What is an HSA and how do they work?

Posted on October 20, 2021

This is the second post in our “Healthcare Mini Series”.

When it comes to tax planning around your healthcare, a health savings account or HSA is going to be a key part you’ll want to consider.

What Is a Health Savings Account (HSA)?

An HSA is essentially a savings account that allows you to contribute money to it, pre-tax, to pay for qualified medical expenses. However, unlike a flexible spending account (FSA) it is not a use it or lose it, funds roll over year to year.

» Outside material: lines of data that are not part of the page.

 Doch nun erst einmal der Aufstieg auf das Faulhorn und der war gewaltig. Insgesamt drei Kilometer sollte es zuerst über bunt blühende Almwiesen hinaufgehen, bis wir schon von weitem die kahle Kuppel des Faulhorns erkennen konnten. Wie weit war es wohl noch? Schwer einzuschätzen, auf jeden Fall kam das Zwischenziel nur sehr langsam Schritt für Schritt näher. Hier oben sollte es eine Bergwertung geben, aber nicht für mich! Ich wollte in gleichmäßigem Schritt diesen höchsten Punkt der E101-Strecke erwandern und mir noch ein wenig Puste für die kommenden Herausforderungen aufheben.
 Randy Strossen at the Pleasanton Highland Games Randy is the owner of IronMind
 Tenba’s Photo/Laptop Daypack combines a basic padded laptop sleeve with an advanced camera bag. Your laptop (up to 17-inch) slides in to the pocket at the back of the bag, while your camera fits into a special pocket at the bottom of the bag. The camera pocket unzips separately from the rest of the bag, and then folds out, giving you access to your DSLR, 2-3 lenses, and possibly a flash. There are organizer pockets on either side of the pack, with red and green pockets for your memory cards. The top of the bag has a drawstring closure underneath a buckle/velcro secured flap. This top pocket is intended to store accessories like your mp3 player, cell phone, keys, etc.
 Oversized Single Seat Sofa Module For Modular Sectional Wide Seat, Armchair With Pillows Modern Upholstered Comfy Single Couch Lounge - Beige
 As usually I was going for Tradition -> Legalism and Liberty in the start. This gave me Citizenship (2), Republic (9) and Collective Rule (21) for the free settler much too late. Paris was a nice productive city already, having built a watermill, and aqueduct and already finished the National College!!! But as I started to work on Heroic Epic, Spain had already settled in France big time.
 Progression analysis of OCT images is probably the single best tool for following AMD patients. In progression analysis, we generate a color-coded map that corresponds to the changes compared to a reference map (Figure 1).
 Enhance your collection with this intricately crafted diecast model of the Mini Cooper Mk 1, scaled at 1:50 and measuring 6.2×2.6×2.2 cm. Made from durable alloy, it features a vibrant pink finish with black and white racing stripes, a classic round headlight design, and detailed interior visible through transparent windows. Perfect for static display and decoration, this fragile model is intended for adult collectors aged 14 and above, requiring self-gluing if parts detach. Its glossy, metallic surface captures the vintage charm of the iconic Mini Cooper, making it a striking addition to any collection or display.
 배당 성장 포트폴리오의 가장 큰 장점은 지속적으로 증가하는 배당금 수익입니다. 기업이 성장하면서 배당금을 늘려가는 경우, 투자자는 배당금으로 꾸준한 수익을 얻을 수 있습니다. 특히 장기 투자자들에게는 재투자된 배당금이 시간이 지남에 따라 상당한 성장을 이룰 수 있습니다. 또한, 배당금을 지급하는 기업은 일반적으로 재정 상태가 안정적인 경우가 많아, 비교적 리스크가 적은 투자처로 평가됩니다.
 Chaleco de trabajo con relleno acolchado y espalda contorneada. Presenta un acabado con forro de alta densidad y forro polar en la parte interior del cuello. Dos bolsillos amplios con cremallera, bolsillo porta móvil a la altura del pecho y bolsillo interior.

What Are the Benefits of an HSA?

An HSA is a super powerful tool because of these benefits:

  • You get a tax deduction for the funds you contribute into an HSA.
  • Withdrawals are tax free if used for qualified medical expenses. 
  • Interest or earnings with-in the HSA are NOT taxed.
  • Traditionally in order to get a tax benefit from out of pocket health costs you would need to itemize deductions and have a pretty large amount of costs. However, with an HSA you get a tax deduction on your contributions so its a great way to get the benefit without having to hit the high costs.
  • This is not a use it or lose it account. The contributions remain in the account until you use them and you can invest and grow that account tax free. Many people choose to self-direct their HSA account.
  • You can invest funds within an HSA in things like mutual funds, stocks, rental properties, other assets, etc. It does not have to just grow at a small savings interest rate.
  • An HSA is “portable” which just means if you change employers it does not matter, the account sticks with you.

It is a rare tool that the IRS lets you “win” on both ends, the contribution and the withdrawal. For this reason we recommend everyone (business owner or not) be maxing out their HSA contributions, if they qualify and can afford it.

What Are The 2021 HSA Contribution Limits?

  • Self Only: $3,600
  • Family: $7,200
  • Age 55 or Older? Additional $1,000 Allowed

How Am I Eligible to Contribute To An HSA?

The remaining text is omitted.